The data linkage process

Population Data BC (PopData) performs linkage on intake of a new data set from a Data Provider, where approved. New data sets are received from Data Providers throughout the year and incorporated into PopData’s holdings on an ongoing basis.

PopData uses personal identifiers and mathematical linkage techniques to link records belonging to the same individual across files and over time.

The Population Directory

The “Population Directory” is a PopData maintained data table that includes all the individuals about whom PopData has information. This includes personal information such as name, address, date of birth, and other relevant identifying information, as well as a consistent, encrypted identifier (a “Linkage ID”) that uniquely identifies each individual.

The Population Directory has been built with Medical Services Plan (MSP) Registration & Premium Billing (R&PB) data going back to 1985 and is updated upon receipt of each new R&PB file. The Population Directory captures all changes (e.g. a postal code history) and name permutations (such as maiden name/married name). The Population Directory covers most of the BC population and is the basis for record linkages.
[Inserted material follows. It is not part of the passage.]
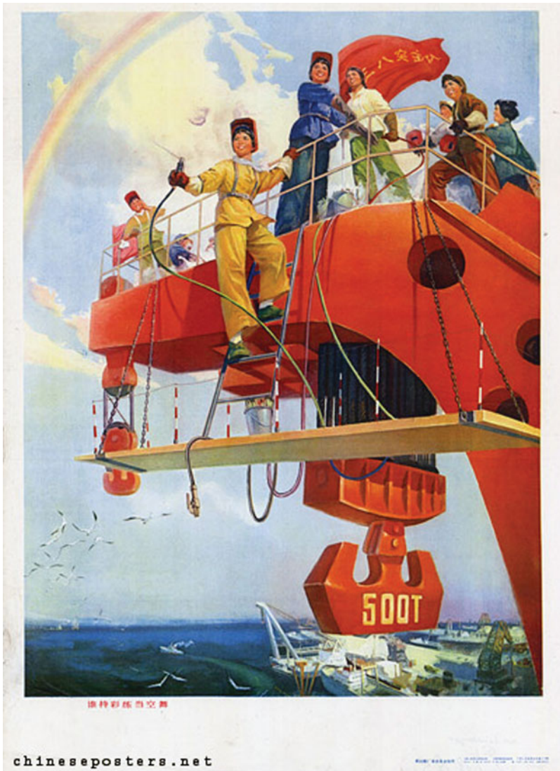
Figure 2. Those holding colored ribbons dance high in the sky, 1976.

once found attractive. The image of heroic, empowered women holding up half the sky has been displaced by other figures, embedded in other powerful systems of signification: the sexy young mistress, the savvy woman business executive, the canny rural entrepreneur, the oppressed migrant factory laborer or sex worker. Along with the expansion of opportunities for gendered self-fashioning in the reform era has come increasingly visible evidence of gender discrimination and gendered violence. As many scholars have observed, gender difference and gender hierarchy have been rediscovered as the natural order of things in official and popular realms.

Step 1: Separation of identifying information (identifiers) from content

When PopData receives a new data file, a limited data validation is carried out and then identifiers used for linkage are separated from content. All information is stored in PopData’s highly-secure “Red Zone” with the content data stored separately from the identifying data. Both data sets have a common Record ID (a generated number unique to each record) applied to them so that the Linkage ID resulting from the linkage can be attached to the content data at the end of the linkage process.

Step 2: Data cleaning

The identifier fields from the new data set then undergo a data cleaning process to standardize the data fields by removing small differences in formatting so that the linkage programs will recognize values that are the same. This process differs depending on the identifiers available in the file, but examples include:

Removing the space from postal code. Dates are split into three fields: year, month and day Invalid values are blanked out to be treated as missing

Records from the new data file are then linked to the Population Directory on the basis of common identifiers which are present in both the data file and the Population Directory. The common identifiers used vary based on which identifiers are available in the data, and are selected based on their ability to identify an individual uniquely and reliably. For example, Personal Health Number (PHN), surname, given names, postal codes, birth date and sex are used for linking the Vital Statistics data to the Population Directory; while PHN, birth date, sex, MSP ID and postal code are used for linking the MSP PIM data to the Population Directory.
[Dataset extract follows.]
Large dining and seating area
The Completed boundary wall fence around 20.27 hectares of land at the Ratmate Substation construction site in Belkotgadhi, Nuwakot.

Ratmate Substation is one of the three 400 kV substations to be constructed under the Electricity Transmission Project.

The goal is to link records belonging to the same individual together, with minimal miss-links (as few as possible linkages being made for records that actually belong to different individuals).
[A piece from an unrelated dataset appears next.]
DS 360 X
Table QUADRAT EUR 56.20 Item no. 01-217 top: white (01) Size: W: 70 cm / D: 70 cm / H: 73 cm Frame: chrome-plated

Names may have a number of preparation processes applied given the many names and nicknames a person may have over their lifetime, and the frequency with which names are misspelled. Strategies for matching on name include:
- Converting the letters to all uppercase
- Standardizing the character set (replacing accented characters)
- Removing non-alphabetic characters (dashes, quotes)
- Keeping multiple name fields for maternal/married name
- Expanding the names to include nicknames
- Rotating name order with multiple first and second (or more) names.

Step 3: Ensuring accuracy

Identifiers may not be unique to an individual (e.g. postal code) or may change over time (e.g. surname). Identifying information may also be recorded inconsistently, incorrectly or may even be missing in certain records. Because of this degree of uncertainty, two linkage techniques are used at PopData to ensure that linkage is as accurate as possible.

Deterministic Linkage: A linkage technique whereby links between records are determined based on the perfect match of a set of common identifiers, or, using more flexible rules, the match of a subset of the identifiers. The advantage of this method is that it minimizes the miss-links between the two databases; however, the disadvantage is that if this method is used just by itself, each identifier is considered to be of equal importance and quality.

Probabilistic Linkage: In probabilistic linkage, the identifiers are given weights according to how ‘strong’ of an identifier they are. For example, it is much more likely that two records will match on sex than on last name. Thus, last name is considered a stronger identifier and is assigned a higher probabilistic agreement weight. The matches found in the common identifiers and the weights given to those variables are used to estimate the likelihood that the records belong to the same individual. The advantage of this method is that linkages are maximized, even in cases where data may be incomplete or have coding errors; the disadvantage is that, unless care is taken, there may be some miss-links.

The output from the probabilistic linkage program contains, for each potential match, a final weight for each of the linkage fields that is equal to the parameter weight multiplied by the value specific weight. The value specific weight can be thought of as a modifier to the parameter weight. For example, if there is a match on postal code, the agreement weight will be multiplied by the value specific weight, so that agreement on a rare postal code is assigned a higher weight than agreement on a common postal code. The total weight for each potential match is the sum of the final weights for each linkage field, and reflects the probability that the two records refer to the same individual.

At Population Data BC, both deterministic linkages and probabilistic linkage techniques are performed.

Deterministic linkage

Deterministic linkage is performed first using a computerized program that compares all records in the new data file to all records in the Population Directory on the basis of the common identifiers (also called linkage fields). However, because there are often upwards of 40 million records in the data files that PopData links, it is inefficient to compare all 40 million records to each record in the Population Directory. To reduce these inefficiencies, PopData compares records within pockets of data. For example, three different pockets might be used when linking one data set; a NYSIIS (phonetic code) name pocket, a birth year/birth month pocket, and a PHN pocket. For each pocket, only records that match on that linkage field are compared. For example, in a birth year/birth month pocket, only records in the new data file that match to the Population Directory on birth year and birth month are compared using the deterministic linkage program. In the end, the information from all the pockets are put together to determine the best match.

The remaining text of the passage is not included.